Luz Moreno Pinart

Résidence de recherche et de création du 1er février au 31 mars 2022  avec la participation de Charlotte Gautier Van Tour

Plus d’informations
http://luzmorenopinart.com
https://www.instagram.com/luzluzmoreno/

La démarche

Luz Moreno Pinart s'intéresse à travers ses recherches, à nos relations envers l’architecture et la nature, aux relations entre les êtres vivants, la nature, le mouvement, le temps, l'archéologie, l'architecture et l'écosystème qui remplit l'espace. À travers la pratique du dessin, de la sculpture, de l'installation, de la cuisine et de la performance, elle cherche un moyen de rendre vivantes les interconnexions entre tous les organismes. Elle tisse des histoires de vie comme une tisserande.

Texere Urtica, installation en fils d’ortie et de cuivre, détail, 2022.

“Texere Urtica”

«J’aime l’araignée et j’aime l’ortie.»
Victor Hugo

La seconde saison de résidences de recherche et de création de la Fondation LAccolade se déroule de janvier à octobre 2022 avec comme titre « La Vie Enchevêtrée". Première artiste invitée de cette Saison 2, Luz Moreno Pinart a déployé des recherches et créations liées à l’ortie. Elle décline la plante et ses fibres dans toutes leurs dimensions, dont celles textiles et alimentaires, jusqu’à créer une installation totale et sensible faisant appel à tous nos sens. Ce faisant, elle réhabilite une plante mal aimée, négligée, jusqu’à en faire un sujet de désir… Elle tisse, trame, tresse un récit qui nous lie au monde végétal, ses vertus, ses propriétés infinies en prenant comme point de départ celle que nous n’aimons pas. Au sortir de cette résidence, le tour de force de l’artiste est de nous lier à l’ortie comme nous ne l’avons jamais été. L’ortie devient sujet agissant et non plus l’objet passif de notre mépris, dégoût, ou phobie. A ce propos, j’aime considérer les phobies à l’égard du vivant comme autant de symptômes et d’expressions de notre séparation avec celui-ci. C’est dans cette perspective, que Luz Moreno Pinart en tissant l’ortie nous réconcilie avec une part de nous-mêmes qui n’est rien d’autre que la communauté indivisible du vivant.

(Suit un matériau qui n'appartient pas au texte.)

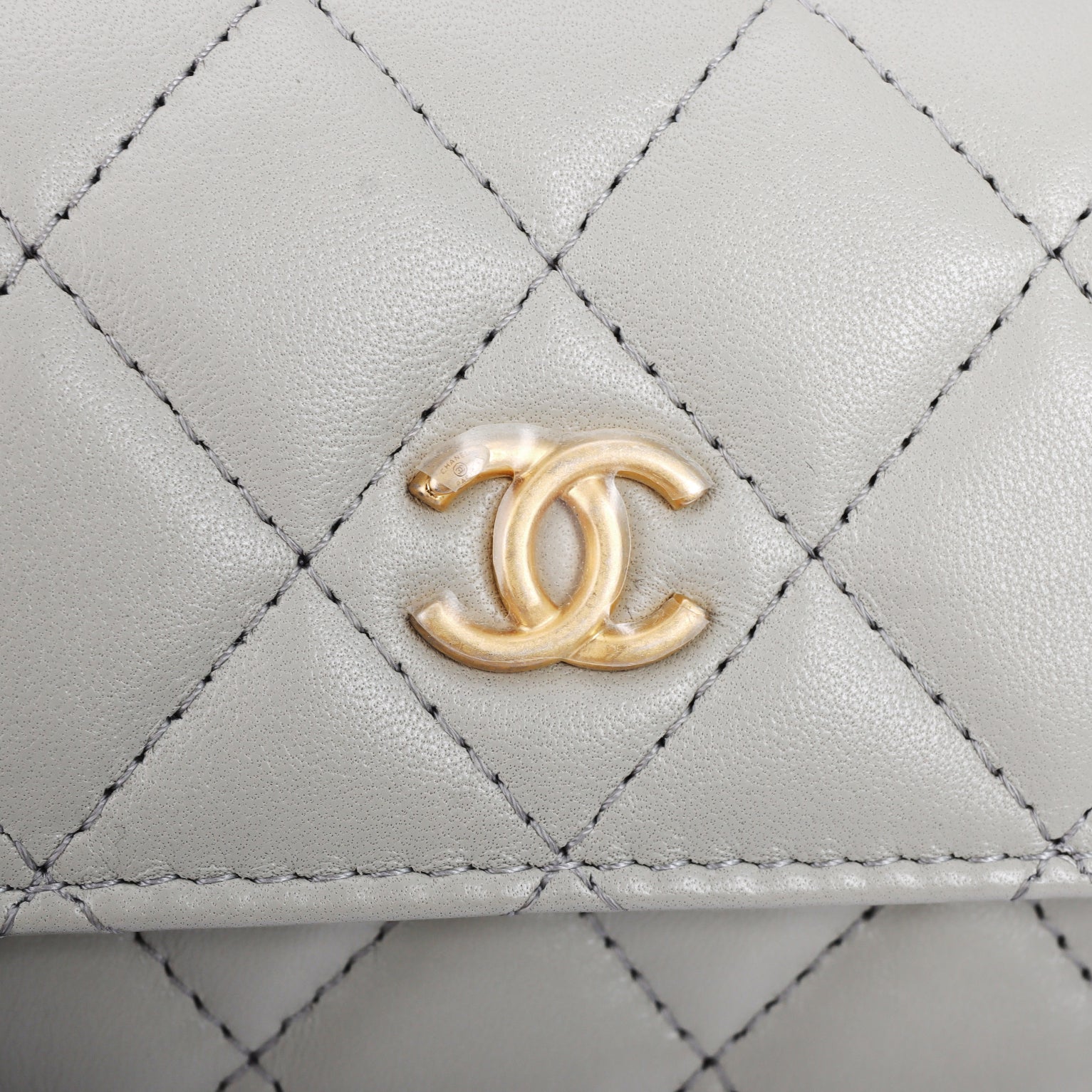 Pre-Owned Chanel Classic Quilted Grey Lambskin Leather Shoulder Bag 66562541
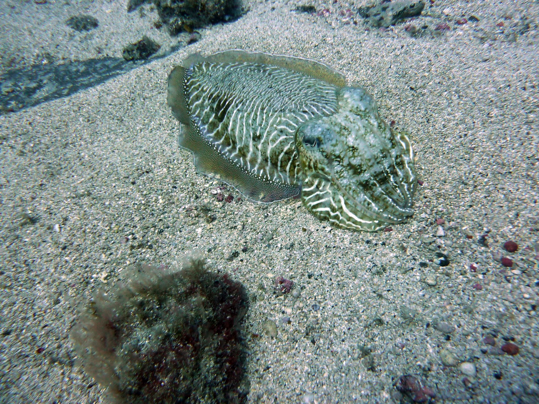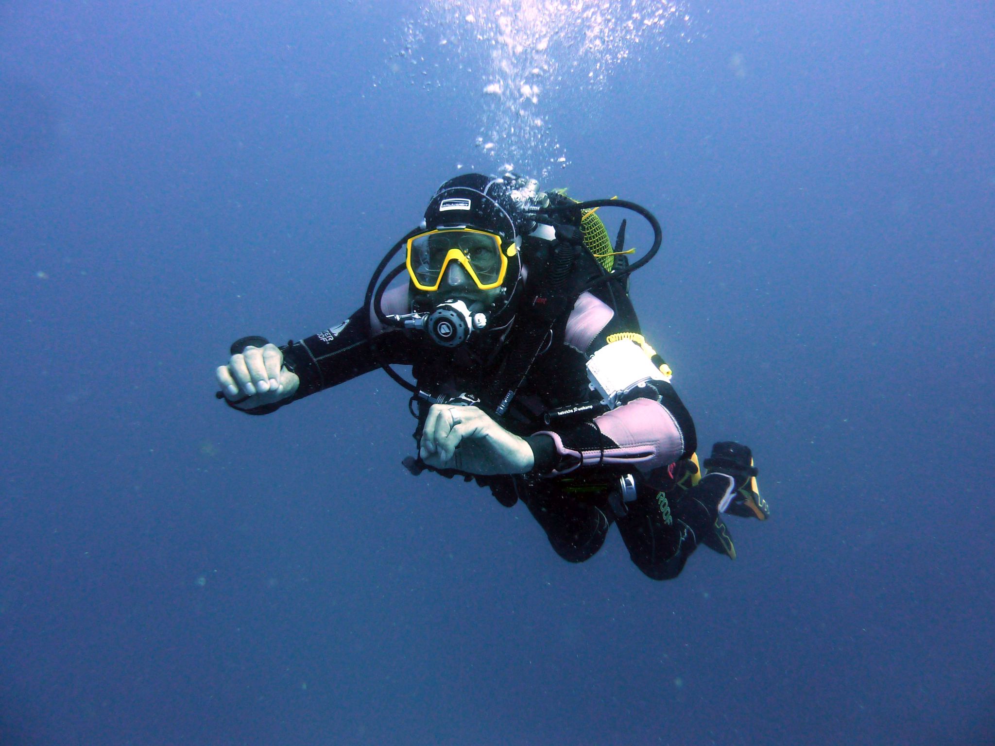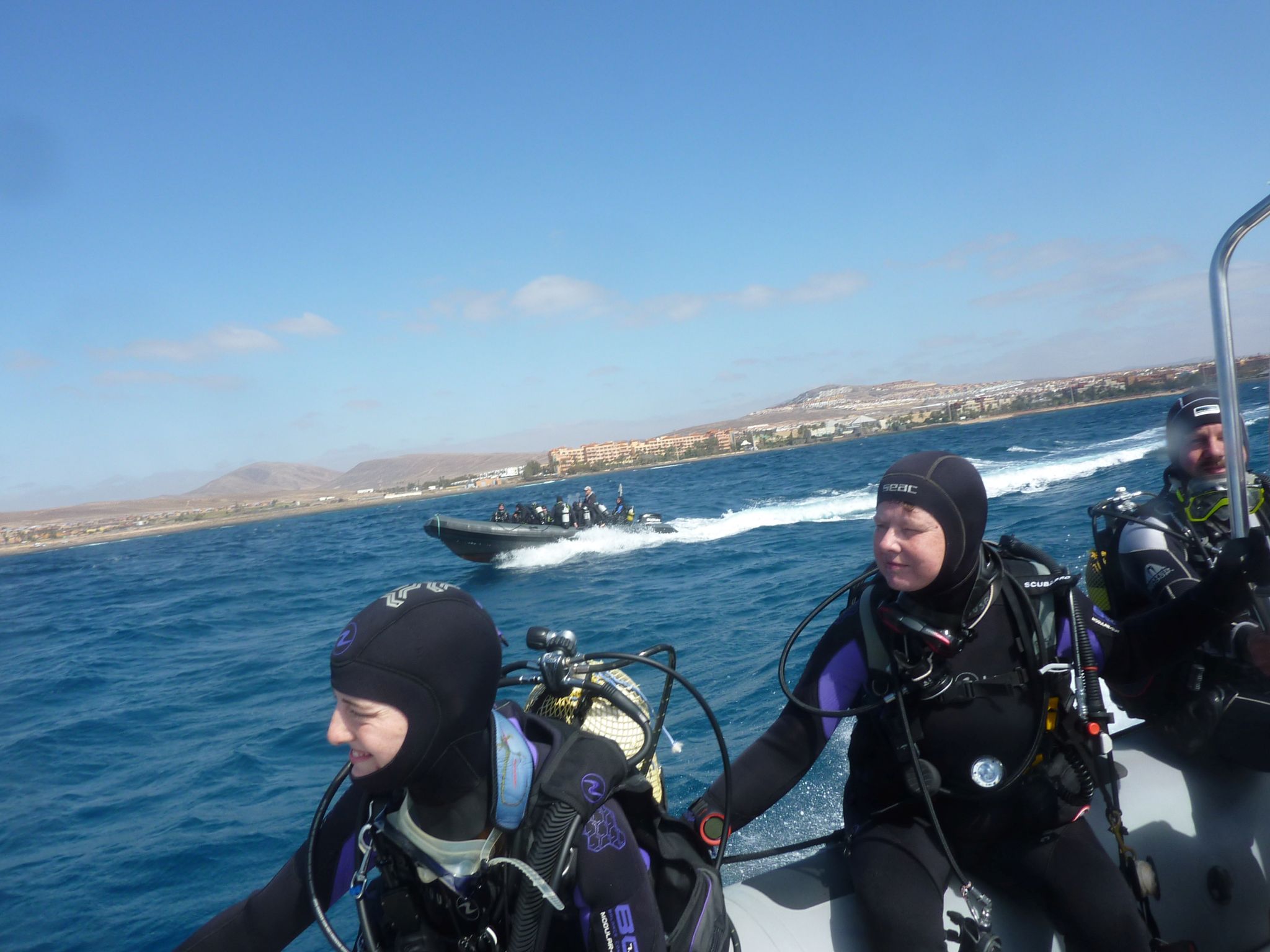 Auch wenn es der Gewöhnungstauchgang ist, hat dieser schon einiges für uns zu bieten, denn wir beginnen mit Übungen zum Wasser-Nase-Reflex, Bleicheck und Jacket an- und ausziehen am Boot bei 2-3 m hohen Wellen, Strömung und Windstärke fünf! Mit großer Mühe bewältigen die Anwärter die Aufgaben an der Wasseroberfläche, bevor es zum ersten Mal heißt: abtauchen.

Il existe une langue maya encore parlée dans le sud-est mexicain qui s’appelle le tojolabale. Elle a une particularité unique, sa syntaxe ne connaît pas le complément d’objet, tout est sujet agissant. On ne peut pas dire en tojobale, je mange une ortie, mais on peut dire l’ortie nourrit, on ne peut pas dire, je file un vêtement en ortie, mais on peut dire l’ortie protège. La syntaxe de la langue tojobale témoigne d’une relation où l’enjeu n’est pas d’assujettir mais de se lier. C’est à se lier à l’ortie que nous invite Luz Moreno Pinart, s’y lier par l’odeur, s’y lier par le goût, s’y lier par le toucher, s’y lier jusqu’à la désirer.

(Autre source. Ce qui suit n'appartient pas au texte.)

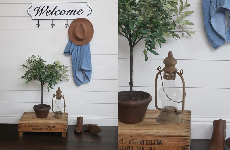 This piece could be easily incorporated into any farmhouse or vintage setting! Decorate your mantel your entryway or even your kitchen! The possibilities are truly endless!! WOW it's just so perfect for a traditional or modern farmhouse!! It's so so versatile!! We love the idea of adding a battery operated candle inside to create the perfect lighting as shown in the photos above! The rustic finish on these lanterns resembles the look of lanterns used in the 1700's! So unique and so wonderful! We know you guys will fall in love with these beauties!
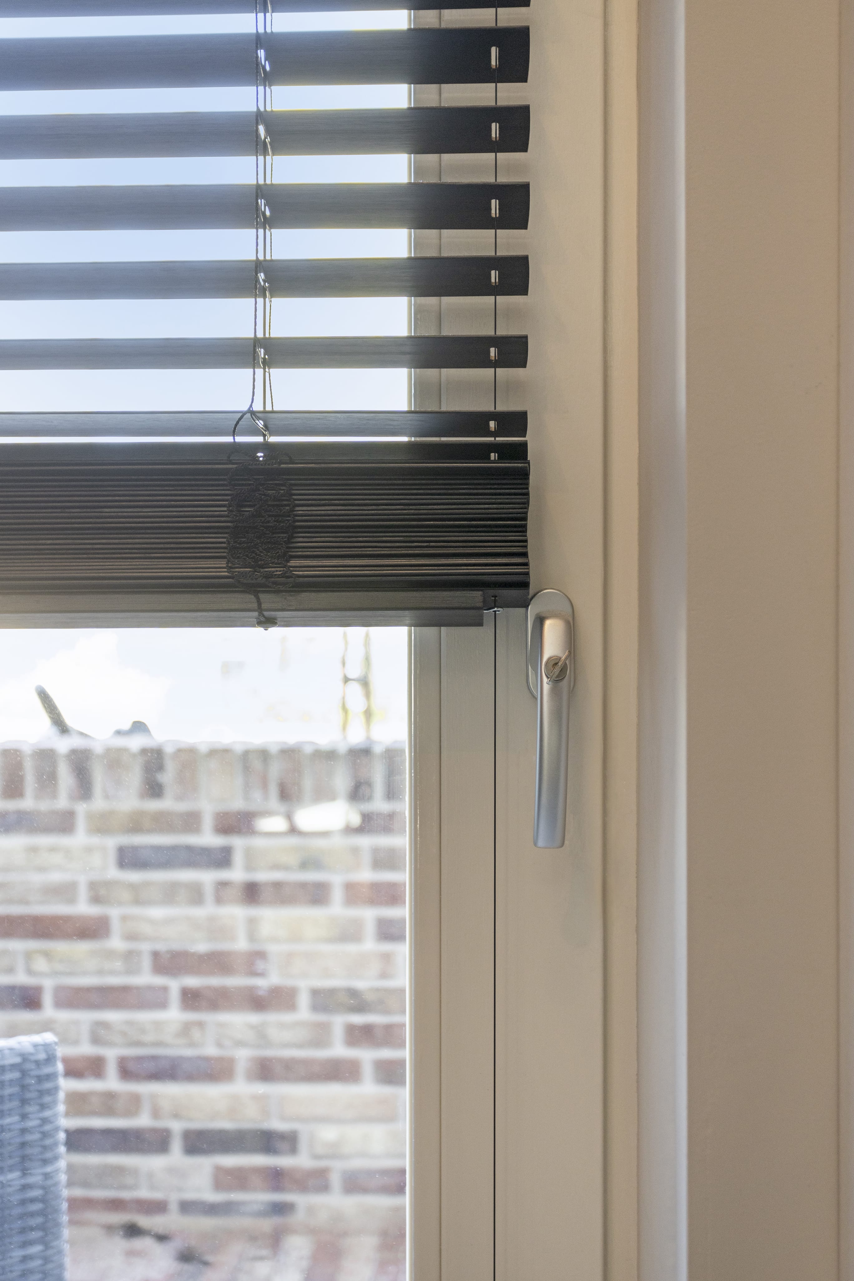 Een andere optie voor houten jaloezieën en draai-kiepramen zijn fixeerbeugels. Deze bevestig je door in het kozijn te boren. De beugel houdt de jaloezie op zijn plek zodat deze niet klappert. Daarentegen is het niet mogelijk om de houten jaloezieën voor het draai-kiepraam op te trekken, je kan ze enkel kantelen.
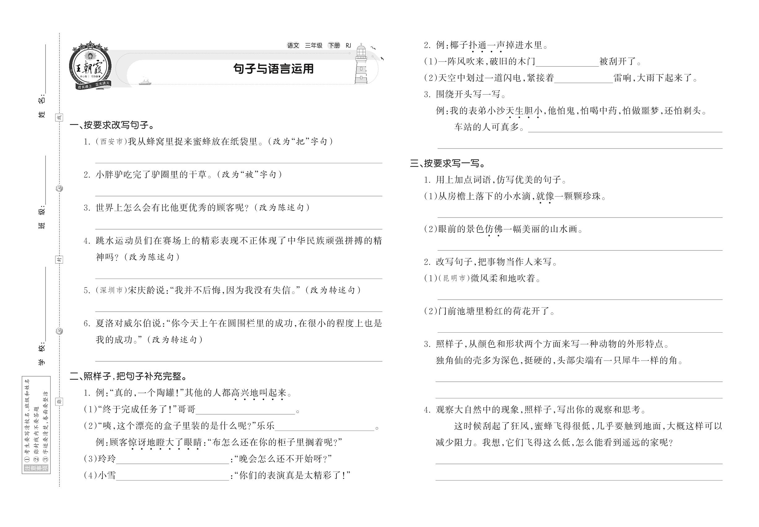 【易考突破】人教版·三年级·语文句子、语言运用专项训练

L’œuvre totale de Luz Moreno Pinart se décline en une création olfactive, des créations alimentaires, des sculptures filaires, des photographies, dessins et collages inspirées d’une observation fine de la plante par le microscope. Ses sculptures filaires, qui traversent l’espace jusqu’à l’occuper sans se soucier des lois de la gravité, sont la parfaite métaphore de la nature rhizomatique de l’ortie.

Enfin, la résidence prolonge l’histoire récente du collectif des Matribiotes créé par Charlotte Gautier Van Tour et Luz Moreno Pinart la saison dernière avec un film-manifeste et de nouvelles créations en céramique qui accueillent l’ortie dans des déclinaisons variées dont culinaires et gustatives.

Comme l’écrivent Bruno Latour et Nikolaj Schultz, dans un court opuscule intitulé Mémo sur la nouvelle classe écologique, à propos des vivants : «On veut se lier à eux, s’insérer dans leurs tours et détours, apprendre d’eux de quoi le monde est tissé.» Apprendre de l’ortie de quoi le monde est tissé, apprendre de l’ortie l’enchevêtrement du vivant, voilà l’intense projet auquel nous convie l’artiste.